ABC NEWS – Ratusan sivitas akademika Universitas Gajah Mada (UGM) menggelar aksi unjuk rasa menolak revisi Undang-Undang TNI (RUU TNI).
Aksi dilakukan di Balairung Kampus Universitas UGM dan diikuti mahasiswa, dosen, karyawan, alumni UGM hingga kampus lain di Yogyakarta.
Mengenakan pakaian dengan nuansa gelap sebagai simbol keprihatinan, para peserta aksi secara bergantian menyampaikan orasi dan aspirasinya.
Mereka menolak RUU yang berpeluang kembalinya Dwifungsi ABRi seperti di era Orde Baru, di mana militer sebagai pemegang kekuasaan dan pengatur negara selama 32 tahun.
Dosen Fakultas Hukum (FH) UGM Herlambang Wiratman dalam orasinya menyebutkan, RUU TNI ini mengikis supremasi sipil dalam demokrasi dengan memasukkan militer dalam jabatan-jabatan sipil.
Herlambang lantang bicara bahwa proses yang dilakukan pemerintah dan DPR sangat ugal-ugalan dan tidak mendengar partisipasi publik.
Menurut dia, dasar pembentukan RUU TNI pun tidak memiliki urgensi, utamanya saat ada 41 Program Legislasi Nasional (Prolegnas) yang ada daftar prioritas.
Komentar dia, “Kampus tidak akan tinggal diam saat ada penindasan. Kampus harus jaga reformasi, kampus tolak dwifungsi, tolak militerisme.”
Kritik serupa juga disampaikan Dosen Fakultas Ilmu Budaya UGM Achmad Munjid. Komentar dia, proses RUU TNI ini mencurigakan dan ada agenda untuk mengembalikan dwifungsi TNI yang dihapus pasca-Reformasi.

Achmad bilang, “Rakyat tidak boleh memberikan ruang untuk militer di ranah sipil dan mengajak masyarakat agar terus mengawal proses RUU TNI ini.”
Markus Togar Wijaya, mahasiswa FH UGM yang ikut berpartisipasi pada aksi tersebut turut menyampaikan pesan terhadap proses pembahasan RUU TNI.
Sebagai mahasiswa hukum, ia merasa proses yang dijalankan pemerintah saat ini mengkhianati hukum dan amanat reformasi.

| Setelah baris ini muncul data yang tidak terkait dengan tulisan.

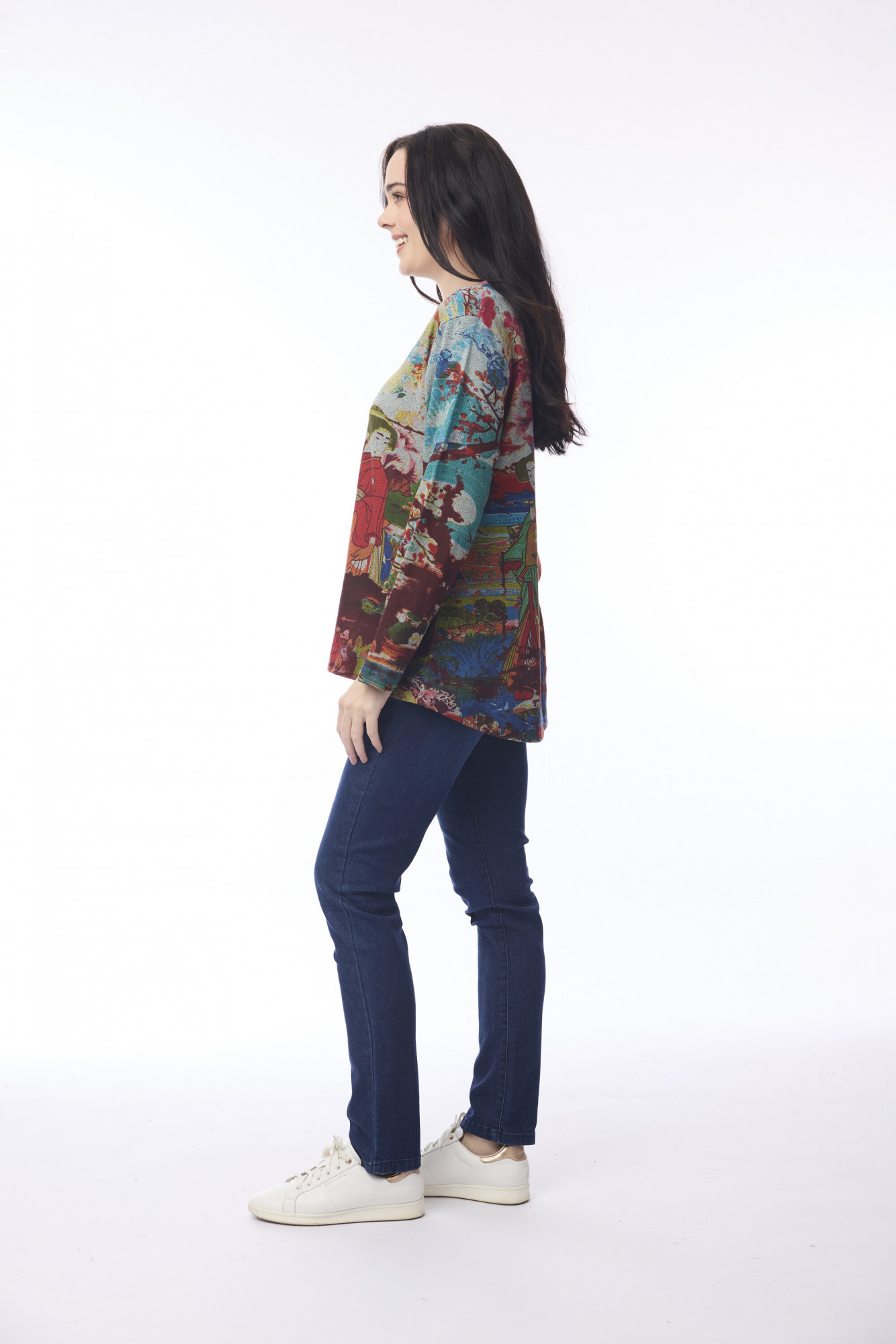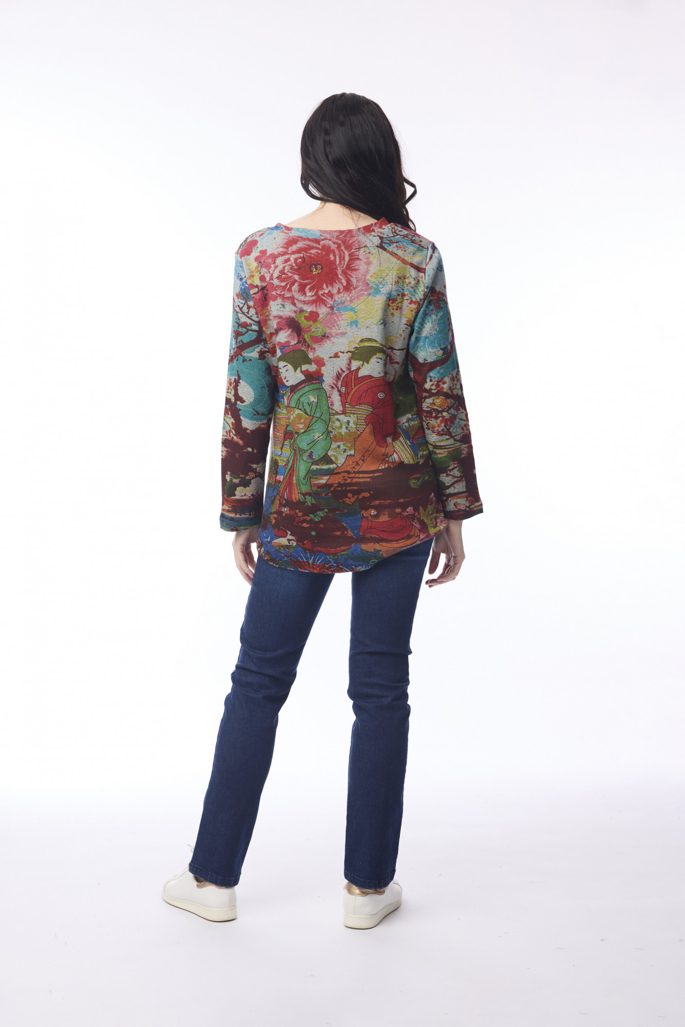 Bring artistic flair to everyday wear with the Nippori T-shirt. Made from 100% soft cotton, this relaxed, long-sleeved top features a flowing, boxy silhouette that drapes comfortably over the hips. Its standout feature is the vibrant, intricate print inspired by traditional Japanese motifs, depicting figures in kimono against a serene natural backdrop. The simple V-neckline and clean-finished cuffs balance the bold design, making this top a statement piece that pairs beautifully with jeans or leggings for effortless style.

“Sebagai mahasiswa, penting untuk mengawal proses hukum ini dan mengajak kepada masyarakat agar lebih sadar bahwa ada momentum penting yang perlu dikawal,” kata dia.
Aksi tersebut juga dihadiri Rektor Universitas Islam Indonesia (UII) Fathul Wahid. Ia menyebut UII siap memberikan penolakan terhadap RUU TNI.
Penolakan ini disebut Fathul berdasarkan riwayat dwifungsi TNI yang sebelumnya berlaku di orde baru yang kemudian menghadirkan supremasi hukum dan represi terhadap sipil, sehingga menghasilkan berbagai bentuk kekerasan.
Pada aksi tersebut setidaknya ada lima tuntutan. Pertama, menuntut pemerintah dan DPR membatalkan revisi UU TNI yang tidak transparan, terburu-buru, dan mengabaikan suara publik karena hal tersebut merupakan kejahatan konstitusi.
Kedua, menuntut Pemerintah dan DPR untuk menjunjung tinggi konstitusi dan tidak mengkhianati agenda reformasi dengan menjaga prinsip supremasi sipil dan kesetaraan di muka hukum, serta menolak dwifungsi TNI/Polri.
Ketiga, menuntut TNI/Polri, sebagai alat negara, melakukan reformasi internal dan meningkatkan profesionalisme untuk memulihkan kepercayaan publik.
Keempat, mendesak seluruh insan akademik di seluruh Indonesia segera menyatakan sikap tegas menolak sikap dan perilaku yang melemahkan demokrasi, melanggar konstitusi, dan kembali menegakkan agenda reformasi.
Kelima, mendorong dan mendukung upaya Masyarakat Sipil menjaga Agenda Reformasi dengan menjalankan pengawasan dan kontrol terhadap kinerja Pemerintah dan DPR.